Sidebottom v. Sidebottom

255 S.W. 353, 215 Mo. App. 513, 1923 Mo. App. LEXIS 210
CourtMissouri Court of Appeals
DecidedNovember 5, 1923
StatusPublished
Cited by9 cases

This text of 255 S.W. 353 (Sidebottom v. Sidebottom) is published on Counsel Stack Legal Research, covering Missouri Court of Appeals primary law. Counsel Stack provides free access to over 12 million legal documents including statutes, case law, regulations, and constitutions.

Bluebook
Sidebottom v. Sidebottom, 255 S.W. 353, 215 Mo. App. 513, 1923 Mo. App. LEXIS 210 (Mo. Ct. App. 1923).

Opinion

BLAND, J.

This is an action for money had and received. The case was tried' before the court without the aid of a jury resulting in a judgment in favor of plaintiff in the sum of $1183.32. Defendant has appealed. The suit was brought in two counts, each to recover the sum of $500 and interest; the first count was to recover the sum of $500 paid by plaintiff to the defendant and the second to recover a like sum paid by plaintiff’s brother to the defendant, the brother having assigned his cause of action to plaintiff.

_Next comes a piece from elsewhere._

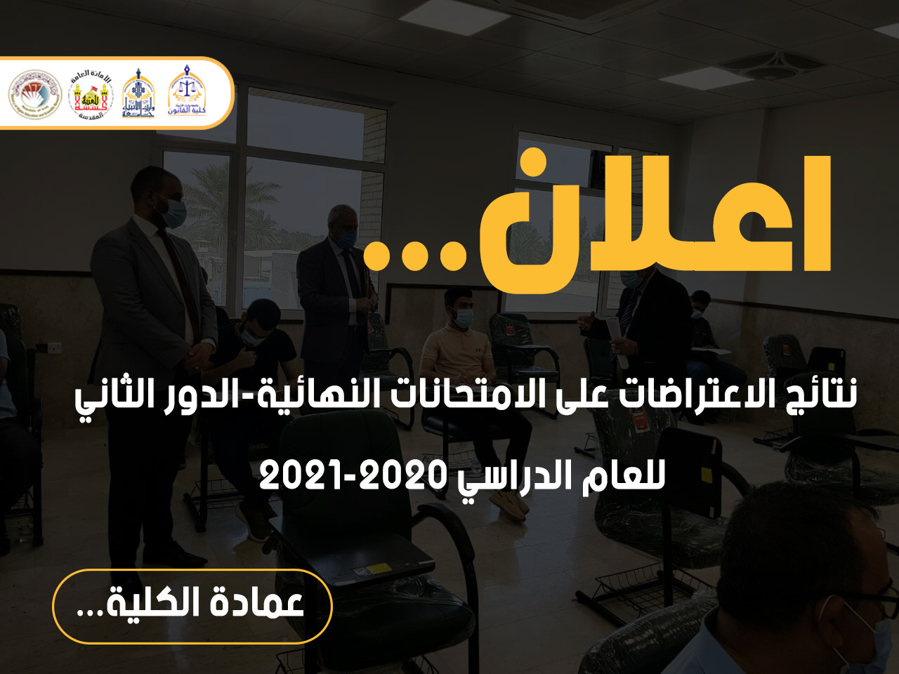 انهت كلية القانون امتحناتها للدور الثاني للعام الدراسي 2020-2021 تحت اشراف السيد عميد كلية القانون .

Defendant is a cousin of plaintiff and his brother who live in the neighborhood of Meadville, Missouri. Defendant had formerly lived in that place but several years prior to the occurrence out of which this suit arose moved to the State of Texas where he now lives. On the *517 4th day of November, 1919, defendant came to Meadville and interested his cousins and their father in a tract of one hundred acres of land in Texas, near which the defendant lived. It was finally agreed that the three relatives would buy an undivided one-fortieth interest each in the land. Thirty-six other persons agreed to purchase various interests in the land so that defendant, his uncle and two cousins with the thirty-six other persons were to acquire the whole interest in it. The tract was to and did cost $20,000, therefore, one-fortieth interest therein amounted to $500.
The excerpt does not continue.